▶ **RECORD SET**
********
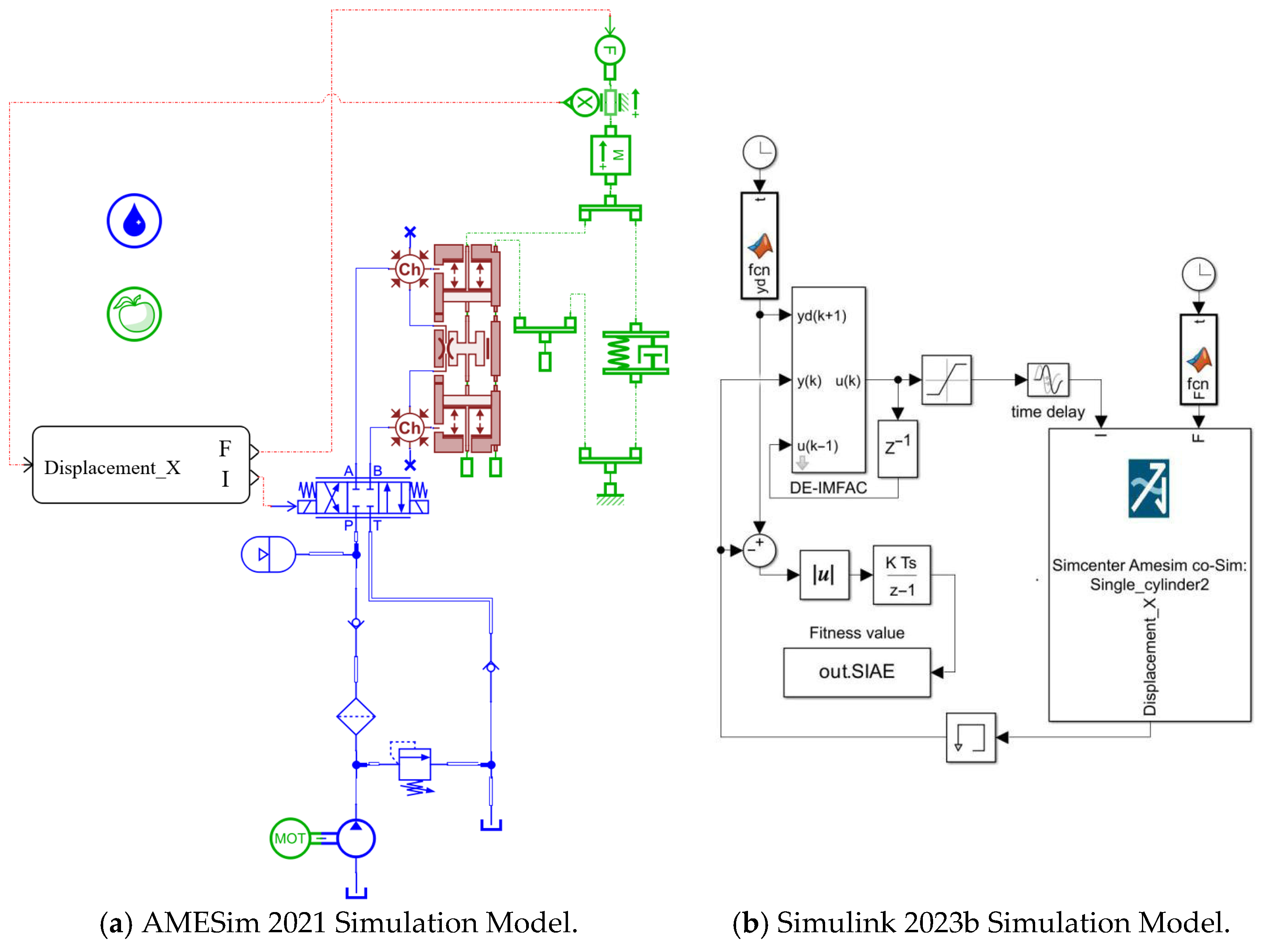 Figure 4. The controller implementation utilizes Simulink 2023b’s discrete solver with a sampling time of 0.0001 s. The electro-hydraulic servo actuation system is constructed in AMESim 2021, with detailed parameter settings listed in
********
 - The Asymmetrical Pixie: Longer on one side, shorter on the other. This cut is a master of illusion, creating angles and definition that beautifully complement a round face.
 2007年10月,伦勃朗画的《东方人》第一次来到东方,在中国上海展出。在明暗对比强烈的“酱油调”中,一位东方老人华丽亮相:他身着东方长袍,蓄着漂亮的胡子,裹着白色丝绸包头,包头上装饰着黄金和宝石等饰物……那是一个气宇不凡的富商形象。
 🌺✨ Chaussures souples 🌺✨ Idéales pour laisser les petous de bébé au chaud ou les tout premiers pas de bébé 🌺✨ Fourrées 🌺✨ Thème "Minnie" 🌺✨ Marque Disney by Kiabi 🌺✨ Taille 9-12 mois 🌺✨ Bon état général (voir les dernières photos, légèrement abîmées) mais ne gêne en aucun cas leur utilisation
********
▶ **EXERCISE**
The lines to extract from the data above begin with the line containing "- The Asymmetrical" and end with the line containing "cas leur utilisation". Extract them exactly, including both.

▶ **ANSWER TO THIS TASK**
 - The Asymmetrical Pixie: Longer on one side, shorter on the other. This cut is a master of illusion, creating angles and definition that beautifully complement a round face.
 2007年10月,伦勃朗画的《东方人》第一次来到东方,在中国上海展出。在明暗对比强烈的“酱油调”中,一位东方老人华丽亮相:他身着东方长袍,蓄着漂亮的胡子,裹着白色丝绸包头,包头上装饰着黄金和宝石等饰物……那是一个气宇不凡的富商形象。
 🌺✨ Chaussures souples 🌺✨ Idéales pour laisser les petous de bébé au chaud ou les tout premiers pas de bébé 🌺✨ Fourrées 🌺✨ Thème "Minnie" 🌺✨ Marque Disney by Kiabi 🌺✨ Taille 9-12 mois 🌺✨ Bon état général (voir les dernières photos, légèrement abîmées) mais ne gêne en aucun cas leur utilisation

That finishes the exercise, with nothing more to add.